- Currency Creek
- Coordinates: 35°27′14″S 138°45′30″E﻿ / ﻿35.453872°S 138.758216°E
- Population: 443 (SAL 2021)
- Established: 1840 (town) 31 August 2000 (locality)
- Postcode(s): 5214
- Time zone: ACST (UTC+9:30)
- • Summer (DST): ACDT (UTC+10:30)
- LGA(s): Alexandrina Council
- Region: Fleurieu and Kangaroo Island
- County: Hindmarsh
- State electorate(s): Finniss
- Federal division(s): Mayo
| Mean max temp | Mean min temp | Annual rainfall |
| 20.8 °C 69 °F | 11.8 °C 53 °F | 394.8 mm 15.5 in |
Localities around Currency Creek:
| Tooperang | Tooperang Finniss Clayton Bay | Clayton Bay |
| Mosquito Hill | Currency Creek | Clayton Bay Hindmarsh Island |
| Mosquito Hill Middleton | Middleton Goolwa Goolwa North Hindmarsh Island | Hindmarsh Island |
- Footnotes: Adjoining localities

= Currency Creek, South Australia =

Currency Creek (postcode 5214) is a township and locality in South Australia on the western shore of Lake Alexandrina about 6 km north of Goolwa, beside a seasonal stream bearing the same name – Currency Creek – which flows into Lake Alexandrina. The locality includes the headland named Finniss Point which separates the mouths of Currency Creek and the Finniss River.

==History==
Parts of Lake Alexandrina near to Currency Creek were initially explored by Charles Sturt in an open boat in 1830 but he did not sight the creek.

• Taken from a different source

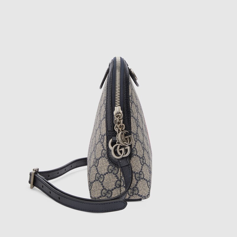 Mirroring the material’s historic origins, GG Supreme is introduced in a timeless mix of blue and beige for Gucci Love Parade. The canvas has come to the front of each collection decade after decade to become a hallmark of the House. Here, the classic palette defines this small Ophidia shoulder bag.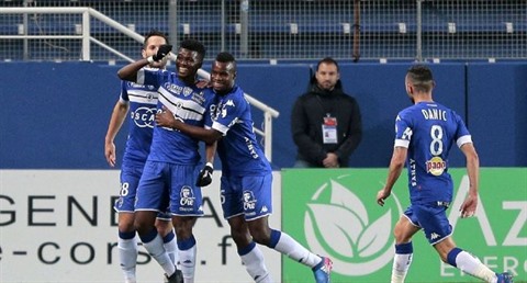 | L'attaquant Sadio Diallo (2e à gauche) exulte après avoir ouvert le score pour Bastia face à Monaco, le 17 février 2017 à Bastia. |

In December 1837, while exploring the Lake and Murray Mouth looking for other outlets to the sea, a party led by Thomas Bewes Strangways and Young Bingham Hutchinson discovered the waterway while using a whaleboat borrowed from the Encounter Bay fishery. The whaleboat, which in September 1837 had been sold off the schooner Currency Lass at Adelaide, bore the same name as its mother ship, and they named the creek in honour of this boat. They reported on the good grassland in the area and its potential for agriculture.

The township was surveyed in the Currency Creek Special Survey of 1840 but it never really thrived due to the nearness of Goolwa. During the later 1800s the district supported many market gardens along the fertile river flats. The Currency Creek Cemetery contains many historic gravestones. It is notably large compared to the township for the reason that it has serviced the entire district for well over a century.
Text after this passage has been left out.